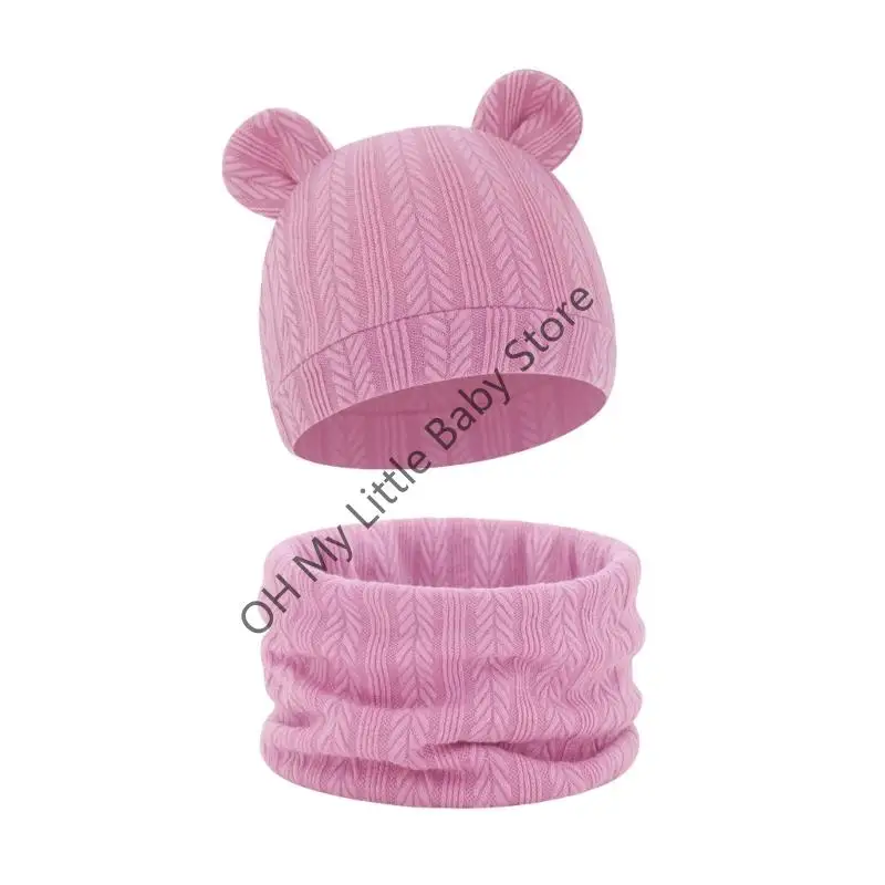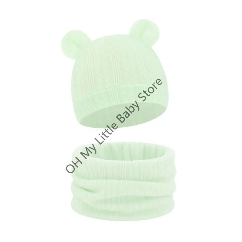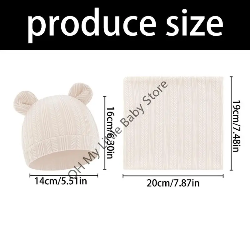 M76C Conjunto bufanda punto listo para invierno, tela mezcla algodón, cubierta Reversible para orejas bebé, ropa
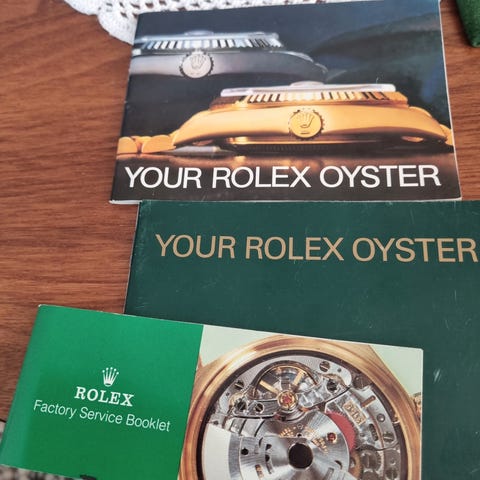 Forskjellige booklets til rolex submariner og datejust selges. Perfekt om man vil komplettere sin vintage rolex. Pris er pr stk.
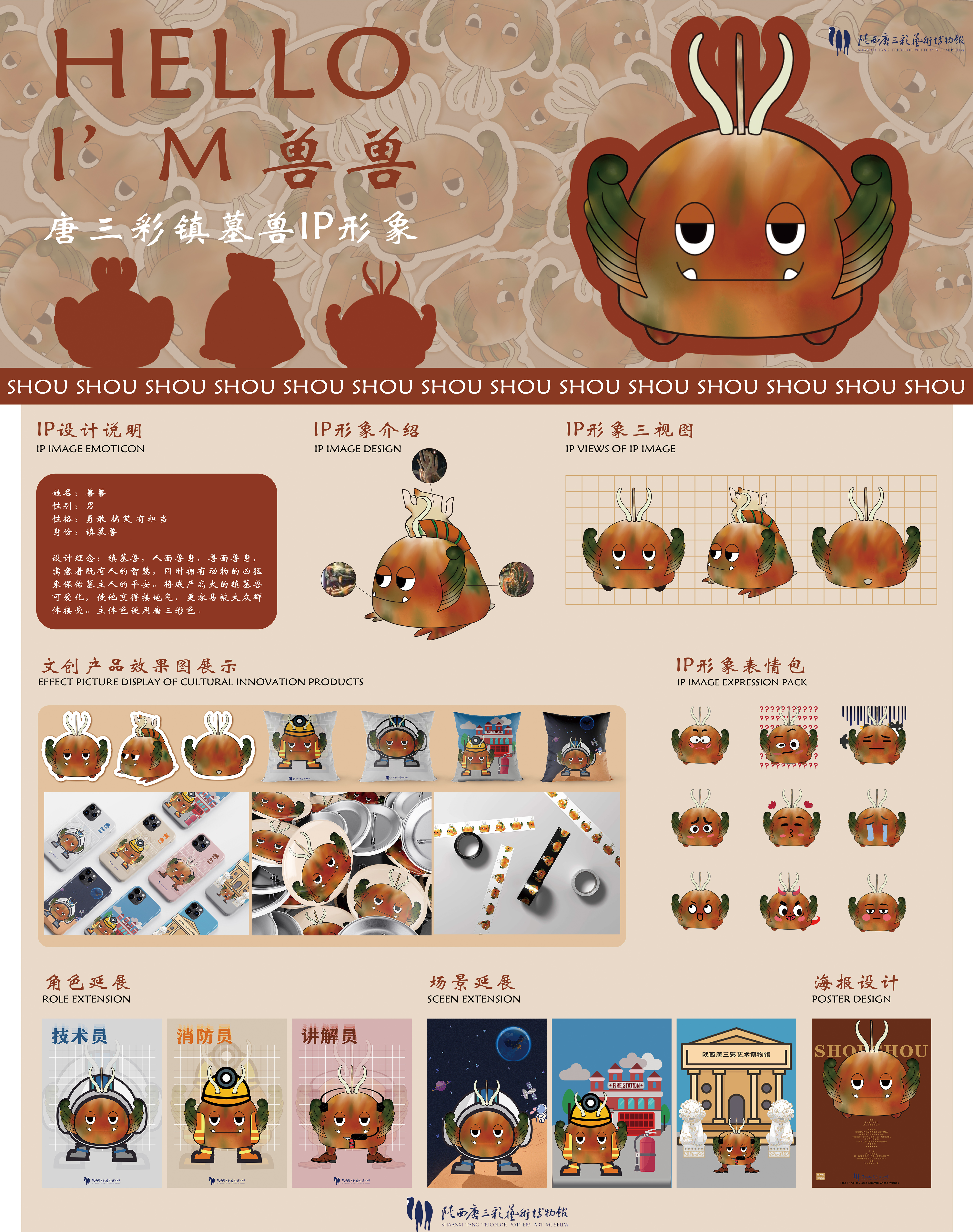 镇墓兽,人面兽身,兽面兽身,寓意着既有人的智慧,同时拥有动物的凶猛来保佑墓主人的平安。将威严高大的镇墓兽可爱化,使他变得接地气,更容易被大众群体接受。主体色使用唐三彩色。

What the task requires: Your copy should match the listing exactly, apart from the pictures it leaves out.

Response:
 M76C Conjunto bufanda punto listo para invierno, tela mezcla algodón, cubierta Reversible para orejas bebé, ropa
 Forskjellige booklets til rolex submariner og datejust selges. Perfekt om man vil komplettere sin vintage rolex. Pris er pr stk.
 镇墓兽,人面兽身,兽面兽身,寓意着既有人的智慧,同时拥有动物的凶猛来保佑墓主人的平安。将威严高大的镇墓兽可爱化,使他变得接地气,更容易被大众群体接受。主体色使用唐三彩色。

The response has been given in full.